A cart with a mass of 5.35 kg is placed on a frictionless ramp at an angle of 14.2. The cart is released and rolls down the ramp. Find the acceleration.
a = g sinθ
To find the acceleration of the cart rolling down the ramp, we can use the principles of physics. The acceleration can be determined using the equation:
acceleration = gravitational force * sin(angle) / mass
In this equation:
- gravitational force refers to the force due to gravity, which is the product of the mass of the cart (5.35 kg) and the acceleration due to gravity (9.8 m/s^2)
- angle refers to the angle of the ramp (14.2 degrees)
- mass refers to the mass of the cart (5.35 kg)

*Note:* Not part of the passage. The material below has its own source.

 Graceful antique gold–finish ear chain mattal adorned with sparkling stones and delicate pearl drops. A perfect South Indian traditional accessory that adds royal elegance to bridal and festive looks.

Substituting the values into the equation, we get:
acceleration = (5.35 kg * 9.8 m/s^2) * sin(14.2 degrees) / 5.35 kg
Simplifying the equation, the mass of the cart cancels out:
acceleration = 9.8 m/s^2 * sin(14.2 degrees)

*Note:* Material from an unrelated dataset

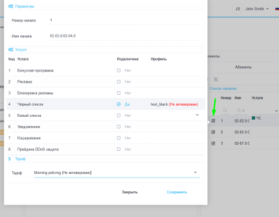 Откроется форма, где можно подключать и отключать услуги выбранным каналам.

Now, we can calculate the acceleration:
acceleration ≈ 2.486 m/s^2
Therefore, the acceleration of the cart rolling down the ramp is approximately 2.486 m/s^2.
To find the acceleration of the cart as it rolls down the ramp, we can use the equation for gravitational force along the ramp:
F_gravity = m * g * sin(θ),
where
F_gravity is the gravitational force along the ramp,
m is the mass of the cart (5.35 kg in this case),
g is the acceleration due to gravity (approximately 9.8 m/s^2), and
θ is the angle of the ramp (14.2 degrees in this case).

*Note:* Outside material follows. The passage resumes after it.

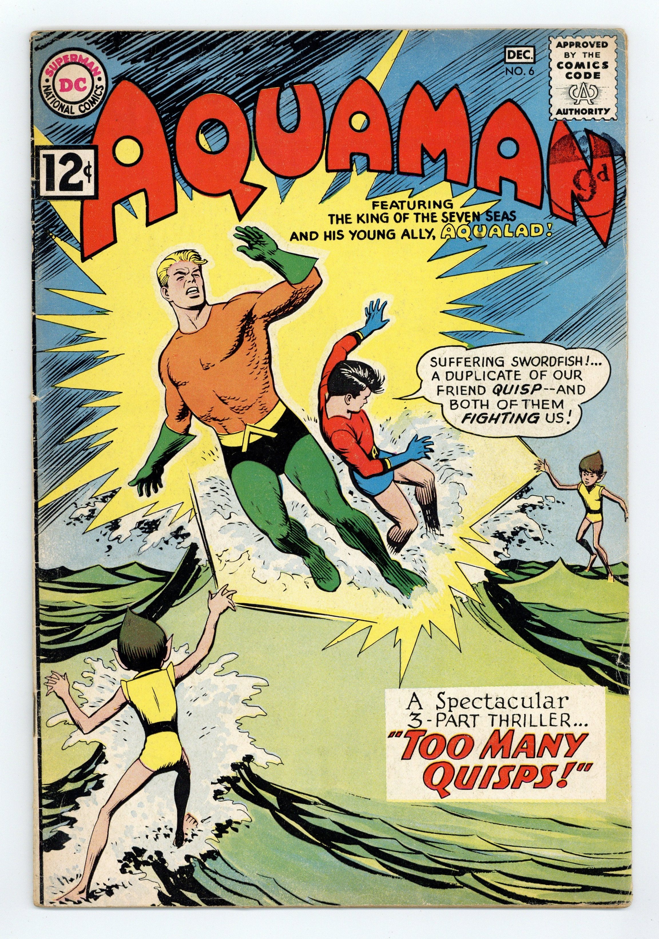 Cover art by Nick Cardy. Too Many Quisps, art by Nick Cardy; Quisp and his brother Quirp team up with Aquaman and Aqualad against Quink who has teamed up with Captain Slade and is robbing shipping. Homer humor page by Henry Boltinoff. The First Frogmen! fact two-pager. Mystery Denizens of the Deep article. 36 pgs. $0.12. Cover price $0.12.

First, we need to convert the angle from degrees to radians. We can use the formula:
θ_radians = θ_degrees * π / 180.
θ_radians = 14.2 * π/180
θ_radians ≈ 0.248.
Now, we can substitute the values into the equation to find the gravitational force along the ramp:
F_gravity = 5.35 kg * 9.8 m/s^2 * sin(0.248).
F_gravity ≈ 5.35 kg * 9.8 m/s^2 * 0.2468.
F_gravity ≈ 12.7461 N.
Next, we need to calculate the net force acting on the cart. Since there is no friction, the net force is equal to the gravitational force along the ramp:
F_net = F_gravity.
F_net = 12.7461 N.
Finally, we can use Newton's second law of motion, F = m * a, to find the acceleration:
F_net = m * a.
12.7461 N = 5.35 kg * a.
Solving for a, we find:
a ≈ 2.385 m/s^2.
Therefore, the acceleration of the cart rolling down the ramp is approximately 2.385 m/s^2.